I have been saying that Chinese restaurants need to modernise by serving small portions because families are getting smaller. And the newest outlet of Long Beach at Robertson Quay has answered the call.
Long Beach seafood restaurant started in 1946 and created the original black pepper crab in 1982. At their new outlet, they provide a sampling menu, which serves small portions of their signature dishes so that solo diners and couples could try more. Actually, I think 3-4 people could share these dishes too.
Strangely, we have been eating a lot of oysters recently, Hokkaido oysters at Restaurant Beurre and Canadian oysters at a bar on Emerald Hill.
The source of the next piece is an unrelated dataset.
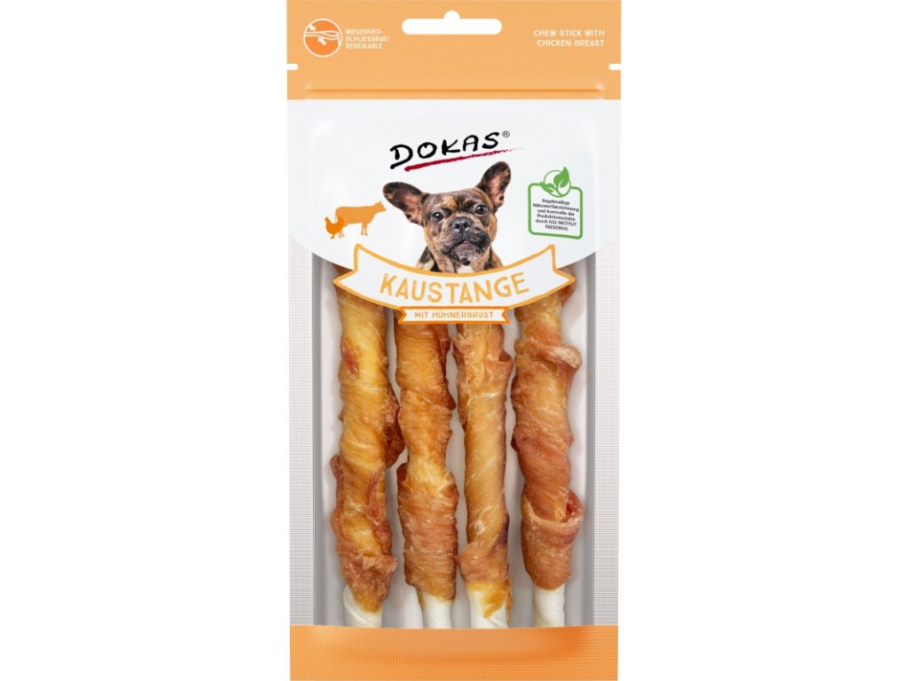 Oblíbené tyčinky z hovězí kůže potažené kuřecím prsním filetem jsou klasikou, která neomrzí. Jejich žvýkání psy zabaví, posiluje žvýkací svaly a pomáhá udržovat zdravé zuby a dásně. Nyní v balení 50 g, které se vejde do kapsy a hodí se tak i na cesty, nebo jako pochoutka pro menší pejsky.

But the Scottish oysters (6pc small or 4pc large, $28) here win hands-down. They are clean and sweet with the taste of the ocean. It is an immense bliss to slurp them.
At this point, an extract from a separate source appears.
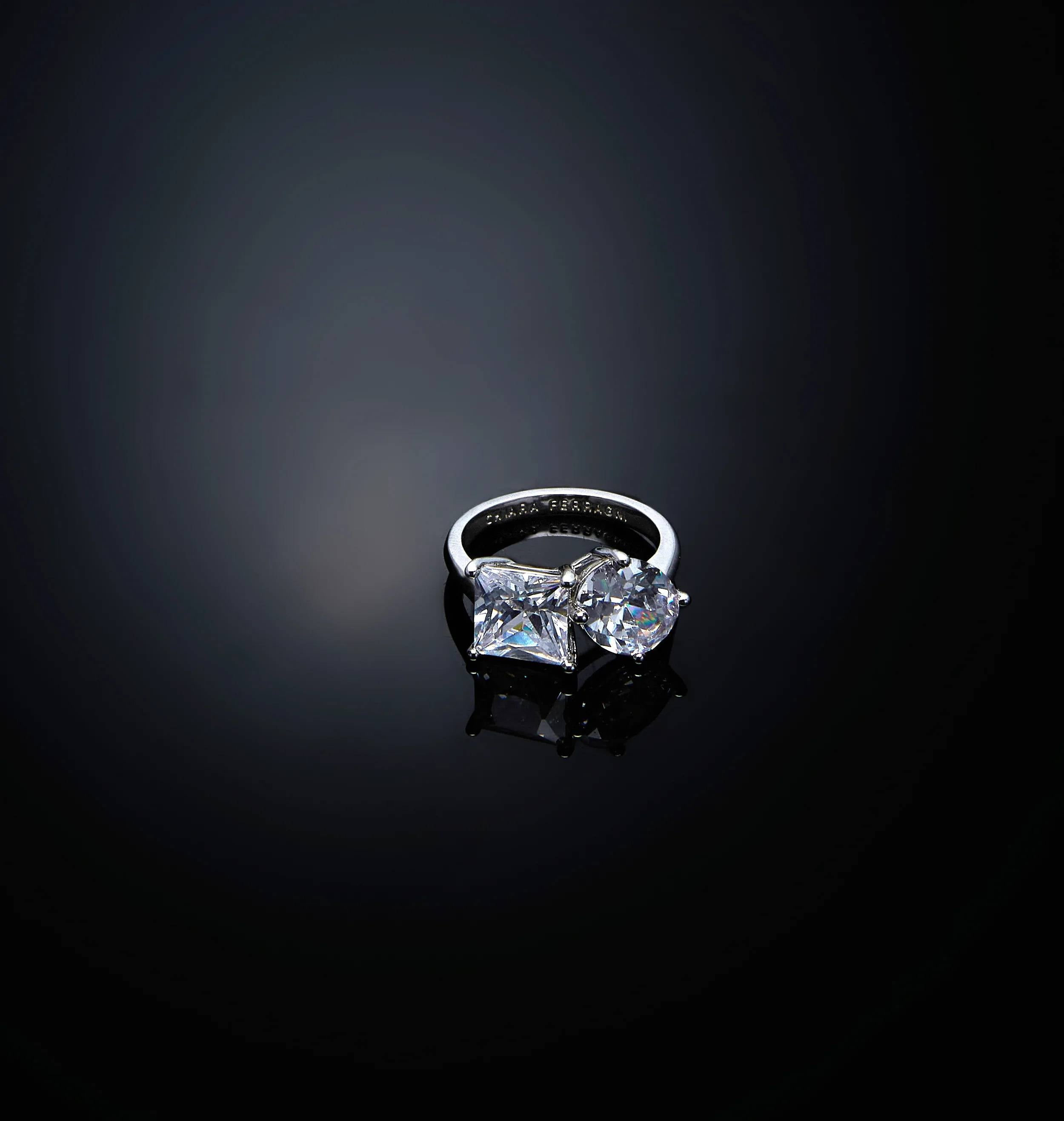 Women's ring from the Chiara Ferragni Princess collection. Rhodium-plated white zirconia ring, featuring an oval-cut stone and a square-cut stone. Discover the updated Ferragni collection; they're a true must-have this season.

The Scottish royal razor clam ($12/pc) is steamed and topped with garlic, fried garlic, and vermicelli. I’m not a big fan of razor clam in general, so this is just ok for me.
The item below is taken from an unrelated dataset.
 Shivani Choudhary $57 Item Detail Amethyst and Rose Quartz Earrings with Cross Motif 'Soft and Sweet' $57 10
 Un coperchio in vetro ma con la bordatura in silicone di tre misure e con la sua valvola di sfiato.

The live prawns in Kupang style (3pc/$14): the prawns are huge, firm, fresh, and very, very sweet. They are so sweet that they are not overpowered by the savoury, thick soup that is a mix between laksa and curry. I suggest that they can add some noodles or bee hoon to it.
For the chilli crab ($18) on the sampling menu, they handpull the meat freshly out of the crab. It’s pretty good value with that much fresh crab. At some restaurants, the chilli sauce tends to be more spicy than sweet, or more sweet but not spicy, but here, the chilli sauce is a nice balance. Not bad.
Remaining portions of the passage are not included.